Amendment proposed, to leave out the word "now," and at the end of the Question to add the words "upon this day Three Months."


said, he cordially agreed with the preceding speakers in the view they had taken of the Bill. He saw no reason why these constituencies should be subjected to such an inquisition as this Bill would create. In the City of London there was a body of persons, 1,000 in number, who regularly expected the sum of 40s. each before they voted. [Cheers.] He did not say any of them voted for the noble Lord (Lord J. Russell); he believed they did not; he was confident the noble Lord knew nothing of such a practice. Was the House prepared to send such a Commission as this Bill would authorise into the City of London, or to any place with 10,000 or 20,000 constituents? If not, it was a mockery and a delusion to apply it merely to small places. He admitted that he represented a borough which had played an important part before a Committee of that House; and he was convinced it was dangerous for candidates to engage in contests for such boroughs. But the effect of such a Bill as this would be to bring a set of fellows forward as candidates who had nothing to lose, either in character or money—mere desperadoes, who would aspire to a seat in that House as a last resort. Every one knew there was such a thing as patronage in that House, and that it was generally given to those who supported the Ministers. Would the noble Lord say that that was a less corrupt practice than the practice of paying voters at an election?

Question put, "That the word 'now' stand part of the Question."

The House divided: —Ayes 281; Noes 6: Majority 275.

Main Question put, and agreed to; Bill read 3°


said, he had an Amendment to propose to the first clause. The House would remember that the Bill originally provided that when any Member had reason to believe in the existence of corrupt practices in any borough, he might move for an address to the Crown to issue a Commission of Inquiry. The Bill was afterwards altered, requiring the intervention of an Inquiry by a Committee of the House before any such Commission could be applied for. What he now proposed was, that the fact of the existence of corruption might also be ascertained by a judicial inquiry before a Court of Record; and he therefore begged to move the insertion of words to that effect.

Amendment proposed— In p. 1,1. 1, after the word 'That' to insert the words 'any judicial proceedings have been had in some Court of Record of competent jurisdiction by which it hath been ascertained or made to appear, or that.'.

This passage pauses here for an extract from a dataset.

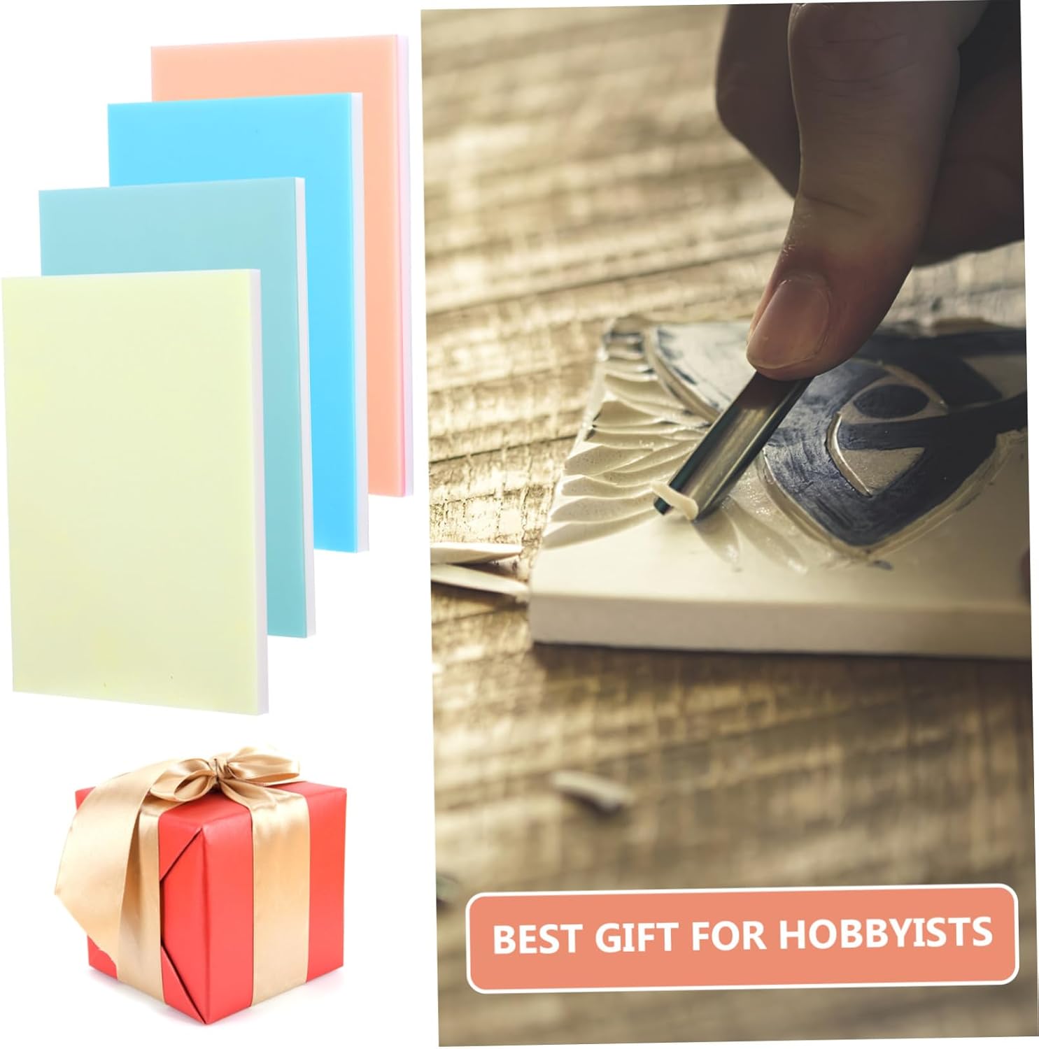 Facile per gli appassionati del fai da te: base morbida e dettagli raffinati, è più facile realizzare il tuo processo fai da te fatto a mano, leggero e facile da usare, stampa per realizzare blocchi di gomma, blocchi di stampa in gomma Uso a doppio strato: design a doppio strato, ti consente di sfruttare al massimo i materiali e di sviluppare maggiormente la tua creatività, timbri, accessori per stampa a blocchi Divertiti: quando fai da te, non solo puoi avere un senso di realizzazione, ma anche migliorare le tue abilità pratiche Design a doppio strato: il blocco di gomma è diviso in due strati ed entrambi i lati possono essere aperti, per soddisfare le tue diverse esigenze esigenze, blocco timbro, blocco intaglio in gomma Durevole e affidabile: realizzato in materiali PVC, compatto e durevole, questo timbro da intaglio a doppio strato è flessibile nell'uso, incide timbri, blocchi di stampa

said, he thought it would be very inconvenient to insert the words proposed by the hon. and learned Gentleman; for all that such an inquiry could do would be to ascertain individual cases of bribery; but the object sought by this Bill was evidence of wholesale corruption.


said, he agreed in what the hon. and learned Gentleman had just stated, and wished that the hon. and learned mover of the Amendment would explain how it was possible that any judicial proceeding could take place which could throw open an inquiry into what was, in fact, the object of the Bill, namely, a wholesale system of corruption.

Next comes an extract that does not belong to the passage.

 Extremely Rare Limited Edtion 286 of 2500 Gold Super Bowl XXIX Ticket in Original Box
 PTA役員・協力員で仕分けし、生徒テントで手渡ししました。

did not think any proceedings before a Court of Law would prevent the necessity of an inquiry, either by a Committee or at the bar of that House.

Question "That those words be there inserted," put, and negatived.


wished to know why the provision of this Bill should not be extended to counties? It was at present confined to cities and boroughs. He believed county electors were quite as corrupt as, and certainly much more dependent than, 10l. voters in boroughs. The clause creating the 50l. voters, and which was commonly called the "Chandos clause," was opposed by him at the time it was brought forward; but several of his hon. Friends the hon. Member for Montrose (Mr. Hume) among the number, supported it on the ground that good might come out of evil, and that, as that class of voters would be so corrupt, it would at last lead to the ballot. Well, they had been waiting for upwards of twenty years, but the ballot appeared to be as far off as ever. It was well known that the 50l. tenants-at-will were wholly at the control of the landlords. By the 6th Clause of this Bill, the definition of bribery was "by way of the gift or the promise of the gift of any sum of money or other valuable consideration." As the tenants-at-will were perfectly dependent upon their landlords, he would ask, whether a promise to continue them in their farms, if they would vote for Mr. So-and-so, was not a valuable consideration, taken with the fact that if they did not so vote they would be immediately ejected? Another question referred to in the Bill was that of treating; and he believed there was ten times more treating in the counties than in the boroughs. Why, then, were counties to be exempted from the operation of this Bill? He thought the proposition to be a very great insult to the borough electors. Look at St. Albans; since the disfranchisement many of its voters would be merged in the county constituency; and did the House believe that they would be more pure as county voters than they had been as borough voters? Not a bit of it. He believed that some of them were even now established as agents for the Protectionist party. At all events, a time would no doubt come when the charge of corrupt practices would be made against counties. What, in that case, would the House do? Why, they would of course propose another Bill applicable to counties. Why not, then, do it at once? It could do no harm, but might do good. He therefore begged to move the insertion of words that would carry on this views.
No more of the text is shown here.